It’s been a while, a long while. Things have been a little difficult. The things are that December has been a lot harder than I first expected it to be. Yesterday we decorated the Christmas tree. It turned out amazing, I’m very happy with the result. It’s sort of a mix of The Andersen family ( my family.) and The Griswold family. To be honest, it’s the greatest mix of all. I’ve been a fan of the movies for years, and we always watch The national lampoon’s Christmas vacation while decorating the Christmas tree. I think it’s a great tradition and I will forever continue to have that tradition in the family.
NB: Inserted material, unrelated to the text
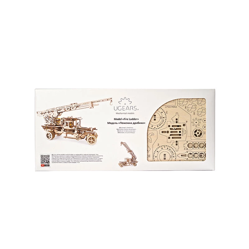 UGears Fire Truck with Ladder is a self propelled dynamic model that works like a true fire truck. This model belongs to the class of the new generation of UGears. It is much more sophisticated and its mechanical running part is more real. The model function like a real Rescue & Fire Truck with turning foot, moving apart & ascending ladder which transforms into a real crane with hook. This model runs, shifts, steers, and accelerates just like a real truck. First βfuel upβ by turning the lever on top of the cab. Then βstartβ the engine with the shifter in βidleβ and see four pistons moving realistically under the folding hood. Open the cabin door to find a fully-functioning steering wheel and even a working gas pedal. Ready for a ride? Shift the transmission into βforwardβ or βreverseβ and watch your truck head back.Β UGears Fire Truck is equipped with the retractable 3-Section Fire Ladder on a rotating platform. And when fully extended has a length of 27.5 in. The Fire Ladder has several controls. Press the lever and lift up the ladder. Turn the platform to the right or to the left. Fix the selected position with a special ratchet.

Food-wise, I’ve not been eating much lately. It’s complicated because I’m not hungry but I need to eat so I just throw together an old recipe. But that will be changing in the new year whit my new project I will be posting a lot more recipes, food articles, and much more. I’ve said it before and I’m saying it again I’m super excited about it. I have been doing some recipe testing on the side, but some turned out horrible, some not so great and others turned out perfectly fine. I’m working on getting the perfect touch to a variety of new recipes coming up next year. There is a balance that tends to be as close to perfect as it can be. Seasoning your dish the right way ain’t always easy. You try something that sounds perfect but ends up horrible. Then you try something that seems wired and your brain is telling you that this or that spice would never work in a dish like “this” and then your heart tells you to try it and suddenly your dish turns out to be heaven on earth. You never really know what works and what doesn’t until you try it.
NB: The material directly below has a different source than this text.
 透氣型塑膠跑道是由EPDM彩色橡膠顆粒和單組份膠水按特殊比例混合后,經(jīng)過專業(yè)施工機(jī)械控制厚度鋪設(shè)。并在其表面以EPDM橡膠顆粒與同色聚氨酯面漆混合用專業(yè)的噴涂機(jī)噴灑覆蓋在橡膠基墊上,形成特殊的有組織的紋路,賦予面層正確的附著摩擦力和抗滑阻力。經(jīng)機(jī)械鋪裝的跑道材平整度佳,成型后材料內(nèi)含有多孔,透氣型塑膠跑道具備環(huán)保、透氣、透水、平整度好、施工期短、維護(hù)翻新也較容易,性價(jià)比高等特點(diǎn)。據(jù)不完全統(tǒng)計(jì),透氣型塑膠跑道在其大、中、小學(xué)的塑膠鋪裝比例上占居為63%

Some seasoning blends you know work well together, then there is the open space where you have to try and fail to succeed to create the perfect bite to eat. It’s all about the balance of flavors and knowing what goes together and not. I got a question the other day; My stomach reacts badly to chili, but you use chili all the time and I don’t get any reaction at all. Why is that?. The answer to her question is simple, again it’s all about the balance. A hint of chili goes a long way and it will lift your dish up sky-high without ruining it. If you use a ton of chili of course you are going to have a reaction if you’re not used to it. How you balance your flavors is on of the most important things when it comes to cooking and of course follow your heart more than your brain. Deep down you have some sort of knowledge of what’s right and wrong when it comes to cooking. Like everything else in life, there is a balance that needs to be maintained.
So after a lot of back and forth I have decided not to have a backup dinner plan for Christmas Eve. This means that my Christmas eve dinner can go from traditional Andersen’s Christmas Eve dinner or it could end up as a Griswold disaster. Either way I will be telling y’all about it on Christmas day.
I hope y’all are having an amazing December 21st and I hope to see y’all back here soon for a new post.